In the past, c-rater's feedback consisted merely of a message indicating right or wrong. We have changed the way c-rater scores students' answers in order to increase the accuracy in tracking down the main ideas that students get wrong or right. This allows us to give more informative feedback for each answer c-rater scores without having to go into a full dialog-based system yet not restrict ourselves just to pre-canned hints and prompts. We can find specific evidence of what a student knows or can do. Consequently, we are able to involve a student and give her/him direct customized or individual feedback, especially when individual human help is not available.

Currently, enhanced by concept-based scoring, c-rater gives quality feedback indicating to the students which concepts in their answers they get right and which concept they get wrong with the capability of scaffolding additional questions and hints. When students get a concept or an answer wrong c-rater has different modes to choose from (to give feedback) depending on the application at hand, the grade level and the difficulty of the item. The following cases occur: - A concept that is partially wrong. There are several key elements and the student gets all except one of them correct and that one she got it partially right.

Scenario 1: Assume one student enters 5 out of 6 correct elements in item 1 and for the 6th element she enters a partially-right answer, c-rater prompts her/him with the correct parts and acknowledges the partially correct part while correcting the part that is not correct.

Scenario 2: Assume a student gives an answer like increased digestion for decreased digestion. In that case, c-rater tells the student that increased digestion does the opposite of what the body needs to do and asks the student to try again. Instead of giving the right answer the idea is to give a hint that is most specific and suitable for the answer that the student provided, e.g., if for the same item, the student writes the digestive process changes then c-rater's prompt would be either give a qualification for that change or simply changes how?. - A particular concept is completely wrong. There are two feedback modes for c-rater.

1. c-rater provides the correct concept(s) or

2. c-rater gives hints to the student that are specific and most suitable for the answer and ask him/her to try again (see 2(a) below)

- All that the student enters is wrong. Again, there are two feedback modes in c-rater.

1. c-rater simply lists the right concepts or key elements

2. c-rater asks scaffolded questions to the student to check whether the student understands the question or not (if a student does not understand the question then obviously they cannot reply), e.g., c-rater prompts the student: do you know the definition of homeostasis? c-rater expects a yes or no answer.

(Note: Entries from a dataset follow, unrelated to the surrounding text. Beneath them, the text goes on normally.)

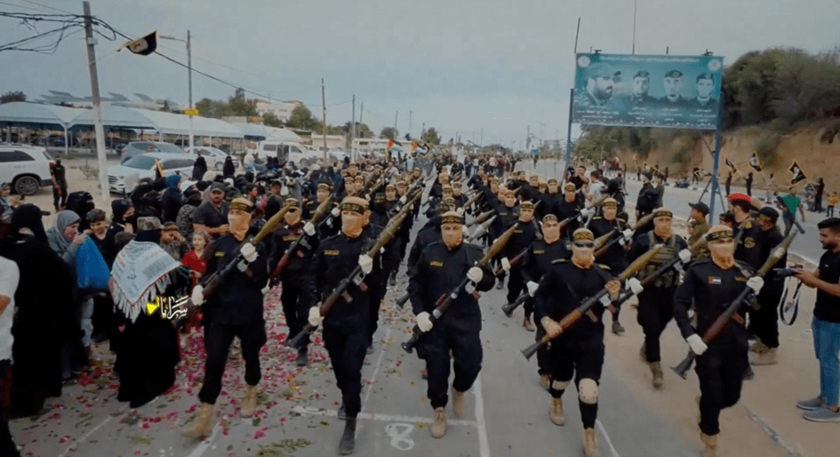 Captura de pantalla de un vídeo de Al Quds de un desfile en la ciudad de Gaza para conmemorar el 36.º aniversario de la fundación de la Yihad Islámica Palestina, el 4 de octubre de 2023.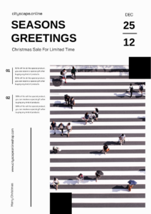 You can use a unique perspective as the theme of the poster, and use a rare perspective to increase the uniqueness of the poster, so that the audience can see things from a new perspective. This is a “Seasons Greetings Christmas Sale Poster” template, it is a Christmas sale poster, but it has not any Christmas element, it has a unique perspective photo and unique content, at the heart of its decoration is “simple but not simple”, designers can bring ordinary “placement” and “stacking” to life.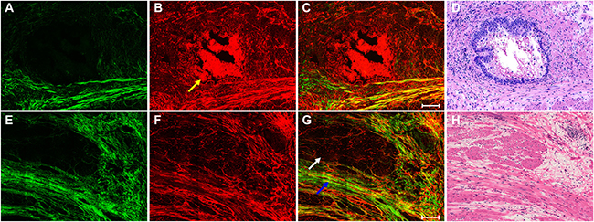Figure 1: The top row shows the nonlinear optical images of normal muscularis and corresponding H&E-stained image. (A) SHG image (color-coded green); (B) TPEF image (color-coded red); (C) merging of SHG and TPEF images; and (D) H&E image. The bottom row shows the nonlinear optical images of cancerous muscle tissue and corresponding H&E-stained image: (E) SHG image; (F) TPEF image; (G) merging of SHG and TPEF images; and (H) H&E-stained image. Scale bar: 100 μm.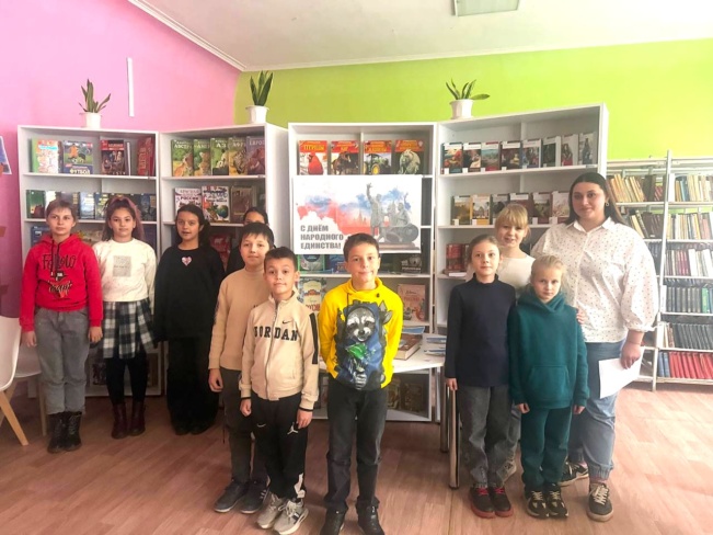 В преддверии праздника в библиотеки-филиале для детей оформлена книжная выставка «Когда мы едины, мы непобедимы», которая познакомила читателей с иллюстрированными энциклопедиями, рассказывающие историю праздника, о подвиге К. Минина и Д. Пожарского. После ознакомления книжной выставкой пользователи посетили историческое ревю «Есть имена, и есть такие даты», посвященное Дню народного единства. В начале мероприятия была озвучена история праздника, о государственной символике России. Вместе с детьми подчеркнули, что для россиян День народного единства- праздник дружбы и объединения, праздник любви и согласия.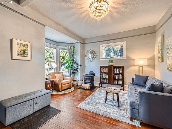 Step into Portland's past with this charming early 1900s bungalow, a perfect blend of vintage allure and modern comfort. Original wood floors, exceptionally tall ceilings with picture molding in the living room, a woodstove, and a cozy reading nook create an inviting atmosphere. The dining room features a bay window and built-in shelving, while the kitchen boasts gas appliances, breakfast area, pantry shelving, access to secret side patio and large glass doors opening on to back deck. The expansive backyard offers a deck with custom bench seating, fruit trees, two sheds and full fencing for privacy. Large gate access on the side street allows for off street parking or RV storage. A full height basement accessed through an exterior hatch, adds practicality and more storage for hobbies. All appliances included including washer & dryer. Centrally located in the Creston neighborhood near many restaurants, shops, schools and parks. [Home Energy Score = 2. HES Report at https://rpt.greenbuildingregistry.com/hes/OR10017484]

(a) if YES then c-rater asks the student to provide the definition, c-rater then scores the answer that the student provides (treats it as another item short item to score / layers of scaffolding can be introduced). If c-rater decides the answer is wrong then it provides the definition and asks the student to try the question again. If c-rater decides the student knows the definition then it starts giving the student some hints to help him/her. The hints could be remedial or instructional depending on the application, the grade level and the difficulty of the item. (b) if NO then c-rater provides the definition and gives the student another chance to answer [repeat process (a)].

This whole process is strengthened by a self-assessment feature. This is a confidence measure that c-rater provides with each score as we mentioned above. If in doubt, c-rater will flag the particular case for a human to score and/or give feedback. We also give feedback to students on their spelling mistakes and help them figure out the right spelling. The plan for the future is to do the same for grammatical errors.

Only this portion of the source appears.